Single by Badflower

from the album OK, I'm Sick
- Released: June 8, 2018
- Genre: Alternative rock; hard rock;
- Length: 4:19
- Label: Big Machine
- Producer: Scott Borchetta

Badflower singles chronology
| "Animal" (2016) | "Ghost" (2018) | "x ANA x" (2018) |

Music video
- "Ghost" on YouTube

= Ghost (Badflower song) =

"Ghost" is a single by American rock band Badflower. It is the lead song off of their debut studio album, OK, I'm Sick. The single was released on June 8, 2018, through Big Machine Records.

== Background and recording ==
The song is about suicide and attempting suicide. When describing the song in an interview with Forbes, Josh Katz said "What I've learned is to prioritize my own personal life and stop taking the career so seriously. It's a job that I love and I get to connect with people and it's a really, really special thing I get to do".

Initially, the song was written not be a single, although according to Katz, Big Machine Records, encouraged the band to release the song as a single, to Katz's reluctance.

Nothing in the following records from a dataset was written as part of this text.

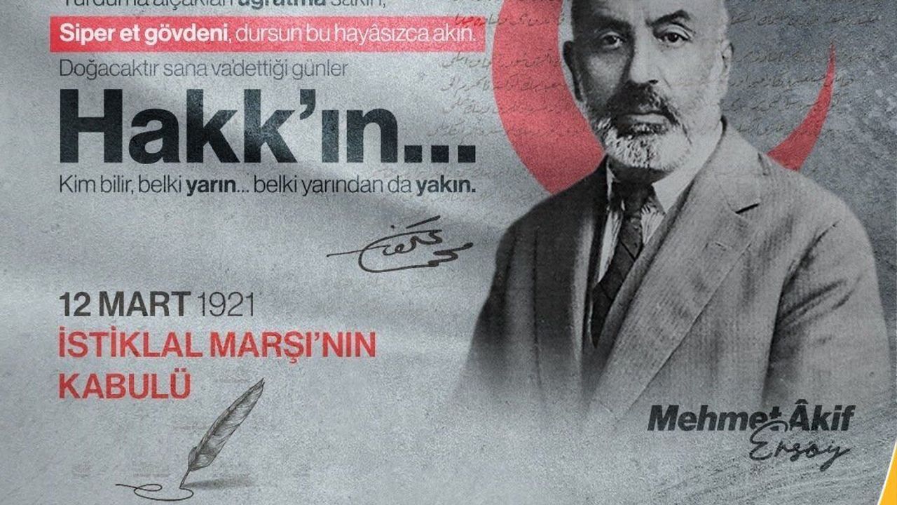 İstiklal Marşı'mızın kabulünün 102. yılını kutluyor, bu vesile ile büyük şair Mehmet Âkif Ersoy ve Milli Mücadelemizin tüm kahramanlarını rahmet ve duayla anıyorum. “Allah bu millete bir kez daha İstiklal Marşı yazdırmasın.” Amin…’’ ifadelerini kullandı. (BERRİN BAKIRCI)
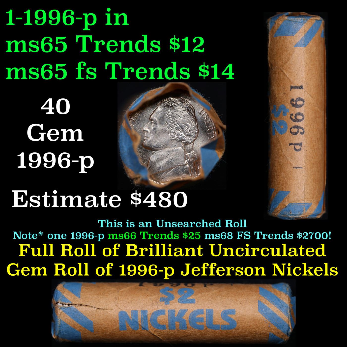 Jefferson 5c roll, 1996-p 40 pcs Bank Wrapper. A terrific roll of unsearched Jefferson nickles. Most if not all coins should be gem or better
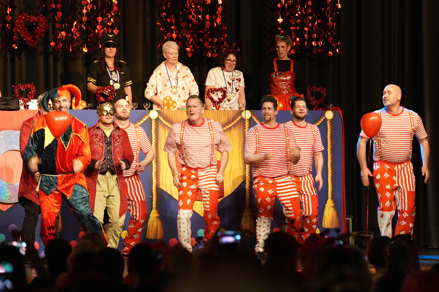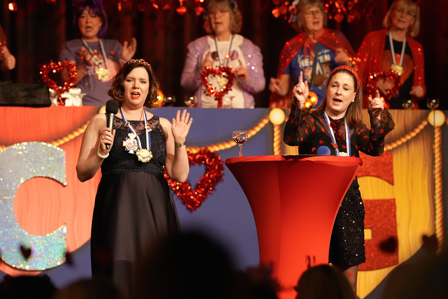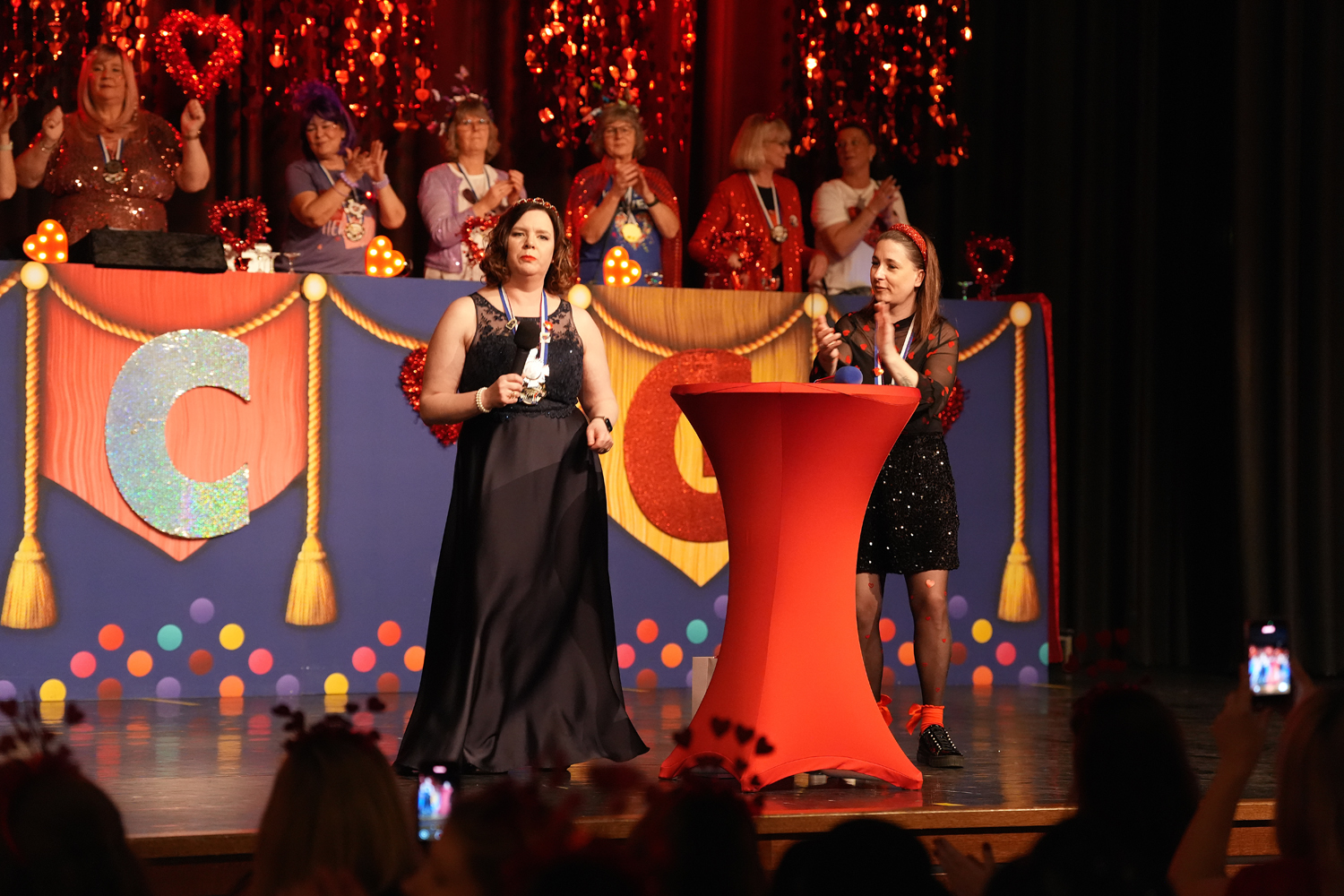 Beides war willkommen, als hunderte feierfreudige Frauen im ausverkauften Saal der Stadthalle Baunatal „Love is in the air“ zelebrierten. In Herzenskostüme gehüllt, mit breitem Lächeln auf den Lippen und Megastimmung wurden die Aktiven der GCG begrüßt und dem Wink der in reines Liebesglück gewandeten Sitzungspräsidentin Christina Vibanco Gonzalez und ihrer ebenfalls strahlenden Vize Sylke Horn Folge geleistet und gute Laune verbreitet.
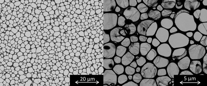 image: Chemists at the University of Tokyo have identified the step of the reaction process where two types of molecules become either an ultrathin sheet or a spherical cage. In these microscopy images, empty wells are seen in the transmission electron microscopy grid (left) and the thin sheet is visible stretching over the same wells (right) after the reaction is complete.
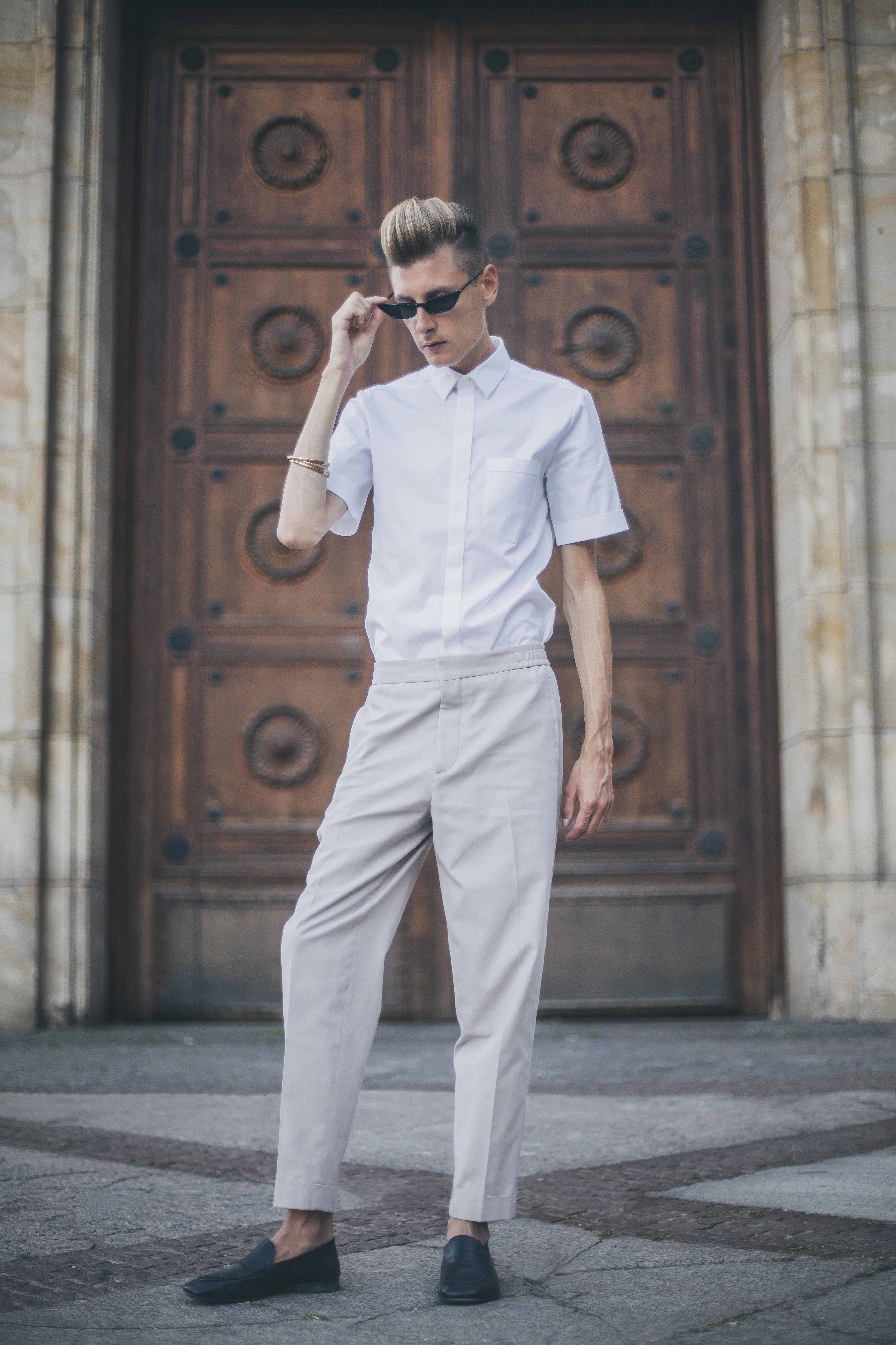 SHIRT: COS / GLASSES: BRYLOVE / PANTS: COS / JEWELLERY: VINTAGE / LOAFERS: ZARA
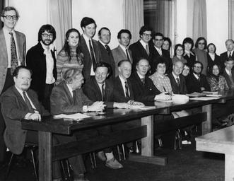 | Keywords: blackandwhite monochrome indoor group performance black and white Standing left to right: Peter Reddaway, Rodney Barker, Xenia Howard-Johnston, Fred Rosen, Maurice Cranston, John Charvet, Ken Minogue, Elie Kedourie, Eileen Gregory, Angela May, Gillian Farrier, Alan Beattie, Anthea Bennett, John Barnes. Seated left to right: Leslie Wolf-Phillips, Leonard Schapiro, Robert Orr, Richard Greaves, Peter Self, Elizabeth Schnadhorst, Keith Panter-Brick, Vincent Wright, Tom Nossiter, Ellen de Kadt, Ernest Thorp IMAGELIBRARY/231 Persistent URL: archives.lse.ac.uk/dserve.exe?dsqServer=lib-4.lse.ac.uk&a... Standing left to right: Peter Reddaway, Rodney Barker, Xenia Howard-Johnston, Fred Rosen, Maurice Cranston, John Charvet, Ken Minogue, Elie Kedourie, Eileen Gregory, Angela May, Gillian Farrier, Alan Beattie, Anthea Bennett, John Barnes. Seated left to right: Leslie Wolf-Phillips, Leonard Schapiro, Robert Orr, Richard Greaves, Peter Self, Elizabeth Schnadhorst, Keith Panter-Brick, Vincent Wright, Tom Nossiter, Ellen de Kadt, Ernest Thorp IMAGELIBRARY/231 Persistent URL: archives.lse.ac.uk/dserve.exe?dsqServer=lib-4.lse.ac.uk&a... |
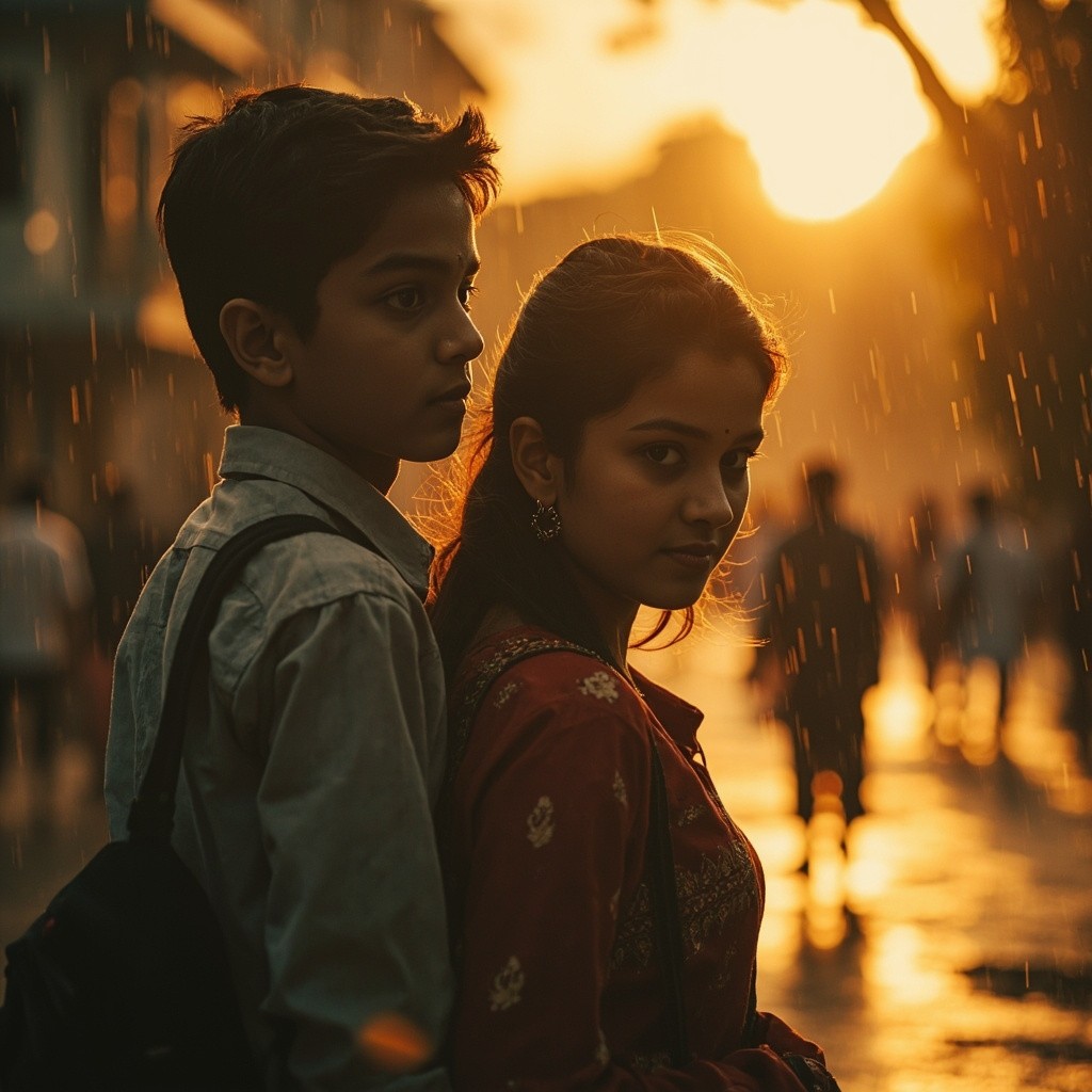 Young Indian Boy Walking Behind Girl in Rainy College Campus at Sunset
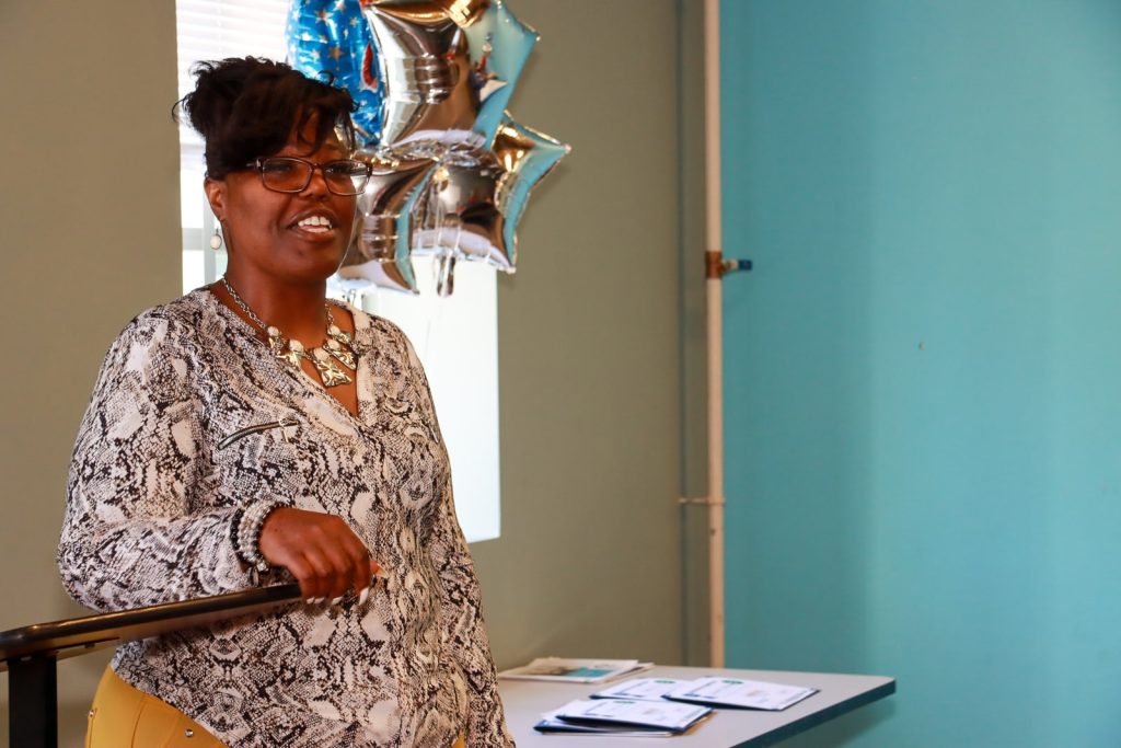 Samika Douglas, community organizer at HHCWM, speaks at a graduation ceremony for LIFT MI participants. Tommy Allen
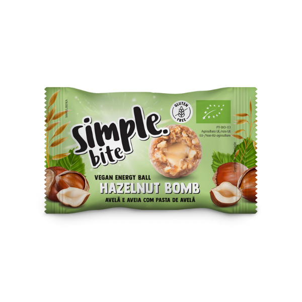 Bola energética com avelã, aveia e recheada com pasta de avelã. As Bolas Energéticas Simple® Bite Avelã e Aveia são uma bomba de sabor com um cremoso recheio de pasta de avelã. Feitas a partir de uma cuidada seleção de frutos secos, aveia e adoçadas com agave, são a pausa perfeita para a correria do dia a dia. Compostas por ingredientes 100% naturais e biológicos, são isentas de glúten, aptas para veganos e têm alto teor em fibra. São uma solução saudável, prática e muito saborosa para um snack que pode levar para todo o lado.
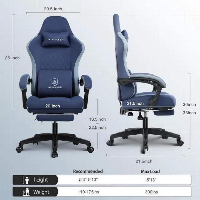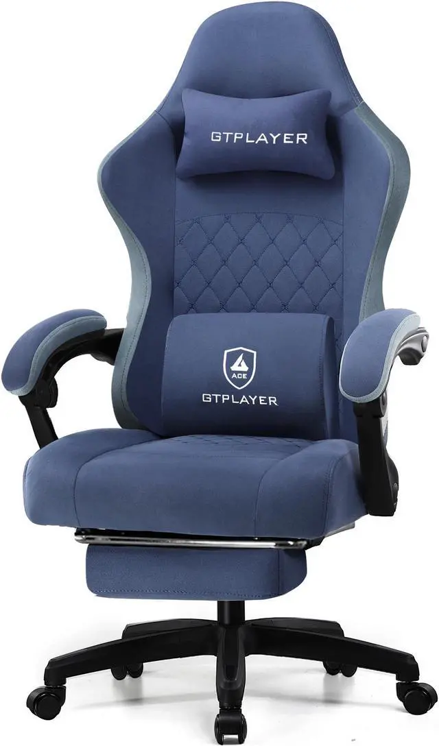 GTPLAYER Gaming Chair with Footrest Fabric Office Chair with Pocket Spring Cushion and Linkage Armrests, High Back Ergonomic Computer Chair with Lumbar Support Task Chair-Blue
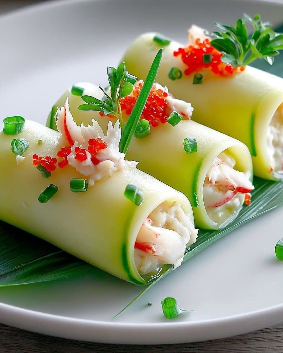 This light, refreshing, and visually elegant appetizer is perfect for warm weather entertaining or as a sophisticated starter. Thin ribbons of crisp cucumber are rolled around a flavorful crab and chive filling, then topped with herbs and edible petals for a gourmet presentation. Simple to assemble, but sure to impress!
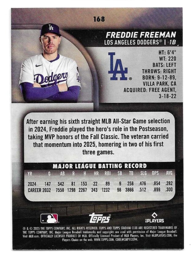 2025 TOPPS STADIUM CLUB SEPIA #168 FREEDIE FREEMAN
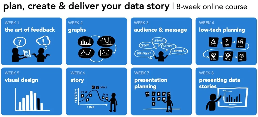 Over eight short weeks, my colleague Simon and I will teach you a practical, repeatable process to plan your data story, distill the critical components, create effective graphs, slides, and presentations, and communicate it all in a way that gets your audience’s attention, builds understanding, and drives action. We’ll guide you on this journey with live lectures (recordings will be available) that provide opportunities to practice, ask questions, and get feedback. We’ll also have two optional weekly office hours sessions to ensure you are supported.

Katz's said in an interview with Loudwire that he wrote the song when he would have panic attacks on stage and after concerts. Katz said that "even though for me I was writing from a place of truth, When it was written I had just gotten off tour, and I spent the entire tour having panic attacks on stage every night. It was just something that came out of nowhere for reasons that only my therapist can tell you. When that happened, I got home and it was a traumatic experience having to deal with that every single night and I was in a really low place. I was depressed and thinking about self-harm. So I just wrote it. I played out the whole scenario and put it into a song because that's what writers do, I suppose. I didn't even know if it was gonna go on the album. I was sorta hesitant to even show it to the rest of my band, But everyone heard it and loved it, and said it might actually be a positive thing to put out in the world. So we did, and it turned out that I was wrong in my skepticism because it was a positive thing".

== Music video ==
The music video to "Ghost" was released on June 8, 2018.

== Charts ==

===Weekly charts===

Weekly chart performance for "Ghost"
| Chart (2018) | Peak position |
|---|---|
| Canada Rock (Billboard) | 26 |
| US Hot Rock & Alternative Songs (Billboard) | 11 |
| US Rock & Alternative Airplay (Billboard) | 11 |

===Year-end charts===

Year-end chart performance for "Ghost"
| Chart (2018) | Position |
|---|---|
| US Hot Rock Songs (Billboard) | 42 |
| US Rock Airplay (Billboard) | 40 |

==Certifications==

Certifications for "Ghost"
| Region | Certification | Certified units/sales |
| Canada (Music Canada) | Gold | 40,000^{‡} |
| United States (RIAA) | Platinum | 1,000,000^{‡} |
^{‡} Sales+streaming figures based on certification alone.